Block cellular automaton
A block cellular automaton or partitioning cellular automaton is a special kind of cellular automaton in which the lattice of cells is divided into non-overlapping blocks (with different partitions at different time steps) and the transition rule is applied to a whole block at a time rather than a single cell. Block cellular automata are useful for simulations of physical quantities, because it is straightforward to choose transition rules that obey physical constraints such as reversibility and conservation laws.[1]
Definition
[edit]A block cellular automaton consists of the following components:[1][2]
- A regular lattice of cells
- A finite set of the states that each cell may be in
- A partition of the cells into a uniform tessellation in which each tile of the partition has the same size and shape
- A rule for shifting the partition after each time step
- A transition rule, a function that takes as input an assignment of states for the cells in a single tile and produces as output another assignment of states for the same cells.
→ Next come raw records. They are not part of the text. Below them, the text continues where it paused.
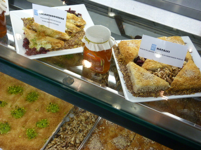 It’s a small space with some seating off to the left. The first thing that struck me was the amount of choices for food was a little overwhelming. You can get pita sandwiches or a platter with meat (lamb, pork, chicken two ways, bifteki), vegetarian (zucchini feta fritters) or vegan (tomato mint fritters with fava bean dip) options. Then there are six side options if you get a platter, desserts and Greek yogurt smoothies.
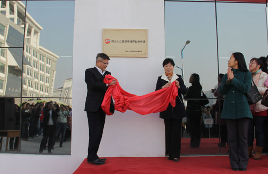 昆山人力资源市场集团公司副总经理柯金林和我校党委书记张新梅为昆山人力资源市场开封分市场揭牌。
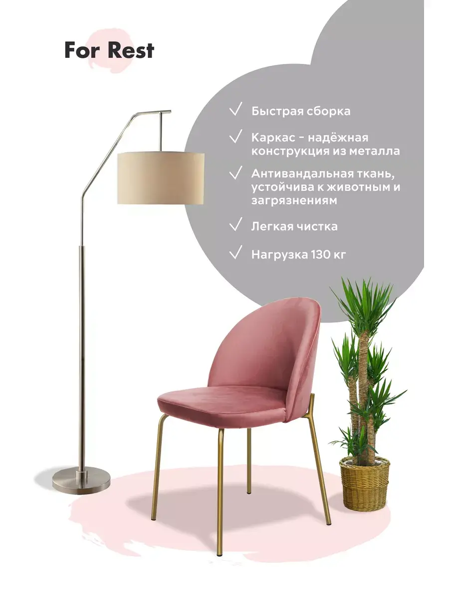Еще одно достоинство этих стульев заключается в мягкости велюровой ткани, которая создаёт уютный комфорт при каждом прикосновении. Приятная на ощупь велюровая обивка подчеркнет стилистическое решение вашей комнаты и внесет атмосферу уюта и тепла.
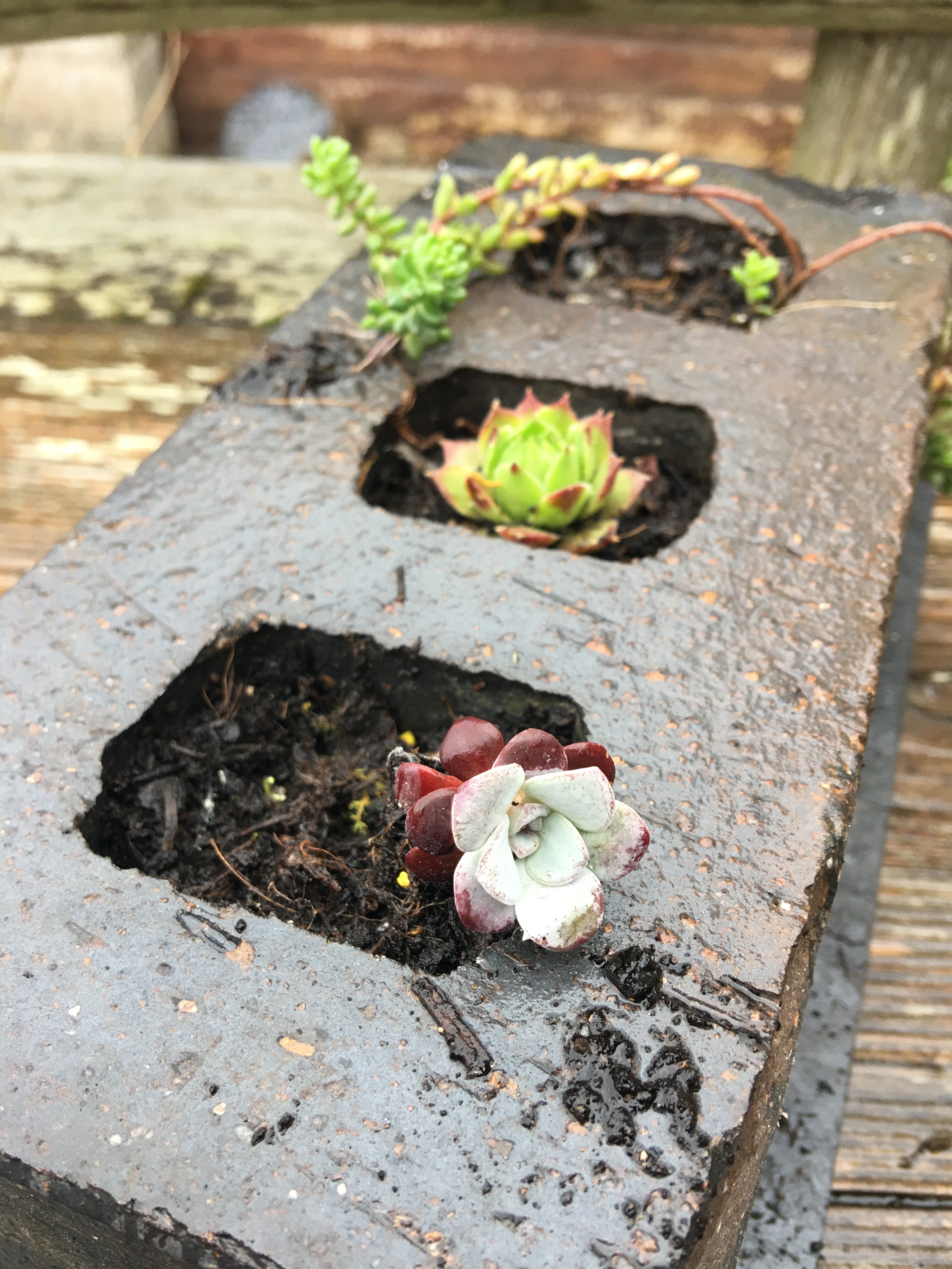 These are outdoor succulents, you could do the same for indoor, less hardy, succulents, just make sure you have a tray to put it on in case water or soil leaks out the bottom of the brick holes.

In each time step, the transition rule is applied simultaneously and synchronously to all of the tiles in the partition. Then, the partition is shifted and the same operation is repeated in the next time step, and so forth. In this way, as with any cellular automaton, the pattern of cell states changes over time to perform some nontrivial computation or simulation.
Neighborhoods
[edit]The simplest partitioning scheme is probably the Margolus neighborhood, named after Norman Margolus, who first studied block cellular automata using this neighborhood structure. In the Margolus neighborhood, the lattice is divided into 2-cell blocks (or 2 × 2 squares in two dimensions, or 2 × 2 × 2 cubes in three dimensions, etc.) which are shifted by one cell (along each dimension) on alternate timesteps.[1][2][3]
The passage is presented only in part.